I am running kinesis plus spark application https://spark.apache.org/docs/1.2.0/streaming-kinesis-integration.html
I am running as below
command on ec2 instance :
./spark/bin/spark-submit --class org.apache.spark.examples.streaming.myclassname --master yarn-cluster --num-executors 2 --driver-memory 1g --executor-memory 1g --executor-cores 1 /home/hadoop/test.jar
I have installed spark on EMR.
EMR details
Master instance group - 1 Running MASTER m1.medium
1
Core instance group - 2 Running CORE m1.medium
I am getting below INFO and it never ends.
15/06/14 11:33:23 INFO yarn.Client: Requesting a new application from cluster with 2 NodeManagers
15/06/14 11:33:23 INFO yarn.Client: Verifying our application has not requested more than the maximum memory capability of the cluster (2048 MB per container)
15/06/14 11:33:23 INFO yarn.Client: Will allocate AM container, with 1408 MB memory including 384 MB overhead
15/06/14 11:33:23 INFO yarn.Client: Setting up container launch context for our AM
15/06/14 11:33:23 INFO yarn.Client: Preparing resources for our AM container
15/06/14 11:33:24 INFO yarn.Client: Uploading resource file:/home/hadoop/.versions/spark-1.3.1.e/lib/spark-assembly-1.3.1-hadoop2.4.0.jar -> hdfs://172.31.13.68:9000/user/hadoop/.sparkStaging/application_1434263747091_0023/spark-assembly-1.3.1-hadoop2.4.0.jar
15/06/14 11:33:29 INFO yarn.Client: Uploading resource file:/home/hadoop/test.jar -> hdfs://172.31.13.68:9000/user/hadoop/.sparkStaging/application_1434263747091_0023/test.jar
15/06/14 11:33:31 INFO yarn.Client: Setting up the launch environment for our AM container
15/06/14 11:33:31 INFO spark.SecurityManager: Changing view acls to: hadoop
15/06/14 11:33:31 INFO spark.SecurityManager: Changing modify acls to: hadoop
15/06/14 11:33:31 INFO spark.SecurityManager: SecurityManager: authentication disabled; ui acls disabled; users with view permissions: Set(hadoop); users with modify permissions: Set(hadoop)

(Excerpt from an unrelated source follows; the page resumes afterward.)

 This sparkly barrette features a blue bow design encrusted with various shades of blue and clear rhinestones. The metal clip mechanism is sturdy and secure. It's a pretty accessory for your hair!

15/06/14 11:33:31 INFO yarn.Client: Submitting application 23 to ResourceManager
15/06/14 11:33:31 INFO impl.YarnClientImpl: Submitted application application_1434263747091_0023
15/06/14 11:33:32 INFO yarn.Client: Application report for application_1434263747091_0023 (state: ACCEPTED)

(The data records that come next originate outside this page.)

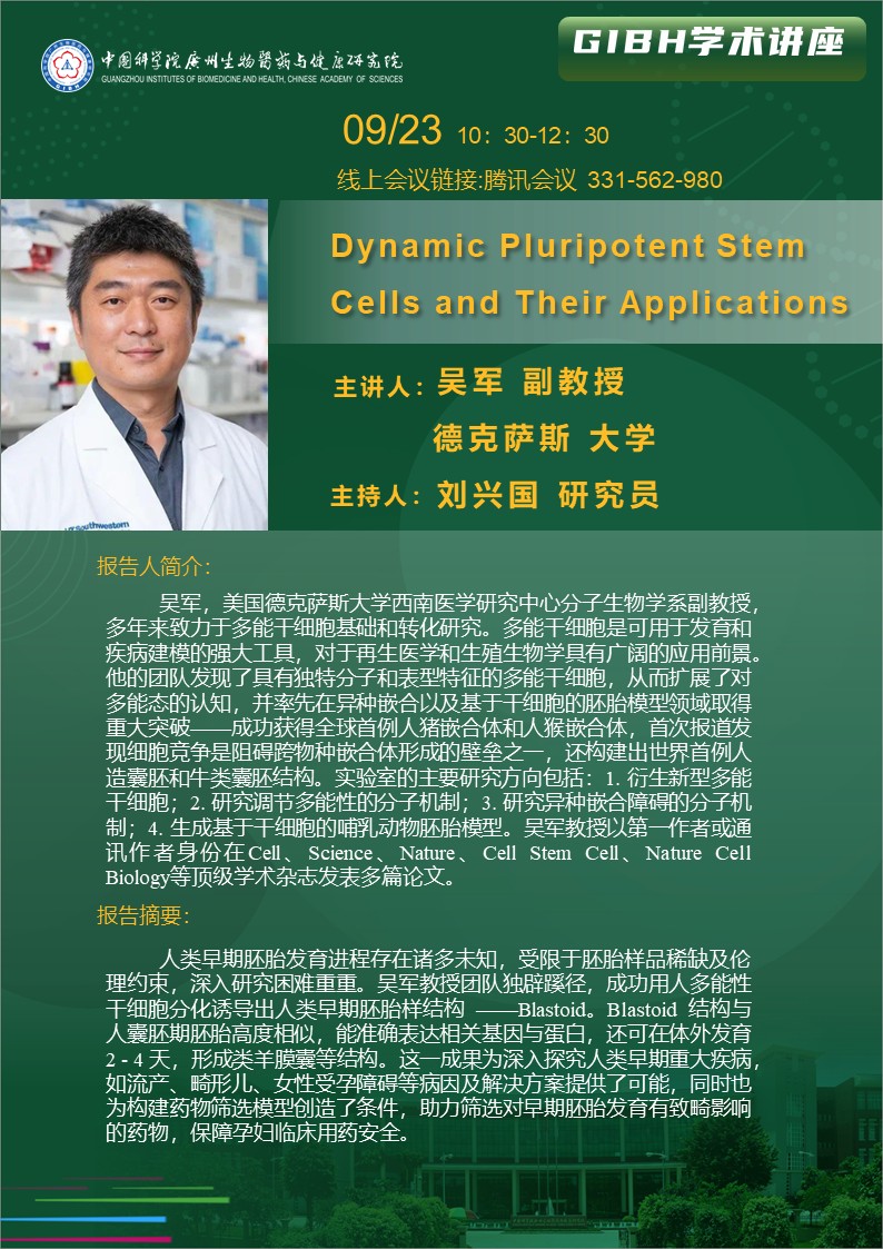2025年9月23日學(xué)術(shù)講座:Dynamic Pluripotent Stem Cells and Their Applications
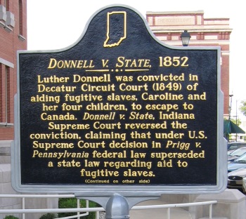 Luther Donnell was convicted in Decatur Circuit Court (1849) of aiding fugitive slaves, Caroline and her four children, (2) to escape to Canada. (3) In Donnell v. State, Indiana Supreme Court reversed the conviction, claiming that under U.S. Supreme Court decision in Prigg v. Pennsylvania federal law superseded a state law regarding aid to fugitive slaves. (4)
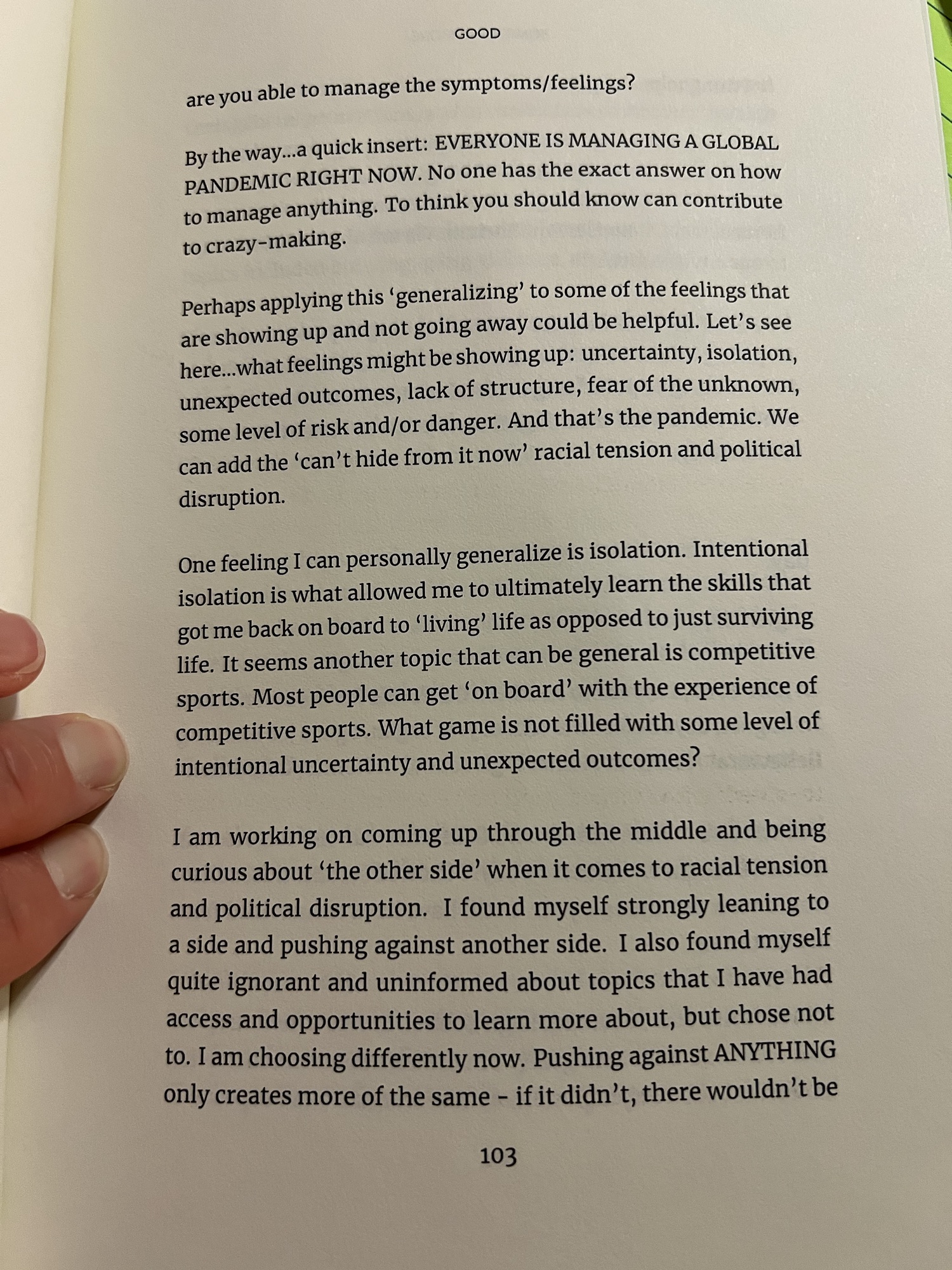 I was also thinking of Phil Stutz. (reference Stutz documentary on Netflix, also author of several books). Phil Stutz is a psychiatrist who recognizes his patients need tools to manage the discomfort of what they are experiencing. One thinking tool Phil offers is for one to accept that to live is to know and accept there will be pain, uncertainty, and constant work.

15/06/14 11:33:32 INFO yarn.Client:
client token: N/A
diagnostics: N/A
ApplicationMaster host: N/A
ApplicationMaster RPC port: -1
queue: default
start time: 1434281611893
final status: UNDEFINED
tracking URL: http://172.31.13.68:9046/proxy/application_1434263747091_0023/
user: hadoop
15/06/14 11:33:33 INFO yarn.Client: Application report for application_1434263747091_0023 (state: ACCEPTED)
15/06/14 11:33:34 INFO yarn.Client: Application report for application_1434263747091_0023 (state: ACCEPTED)
15/06/14 11:33:35 INFO yarn.Client: Application report for application_1434263747091_0023 (state: ACCEPTED)
15/06/14 11:33:36 INFO yarn.Client: Application report for application_1434263747091_0023 (state: ACCEPTED)
15/06/14 11:33:37 INFO yarn.Client: Application report for application_1434263747091_0023 (state: ACCEPTED)
15/06/14 11:33:38 INFO yarn.Client: Application report for application_1434263747091_0023 (state: ACCEPTED)
15/06/14 11:33:39 INFO yarn.Client: Application report for application_1434263747091_0023 (state: ACCEPTED)
15/06/14 11:33:40 INFO yarn.Client: Application report for application_1434263747091_0023 (state: ACCEPTED)
15/06/14 11:33:41 INFO yarn.Client: Application report for application_1434263747091_0023 (state: ACCEPTED)
Could somebody please let me know as why it's not working ?
When running with yarn-cluster all the application logging and stdout will be located in the assigned yarn application master and will not appear to spark-submit. Also being streaming the application usually does not exit. Check the Hadoop resource manager web interface and look at the Spark web ui and logs that will be available from the Hadoop ui.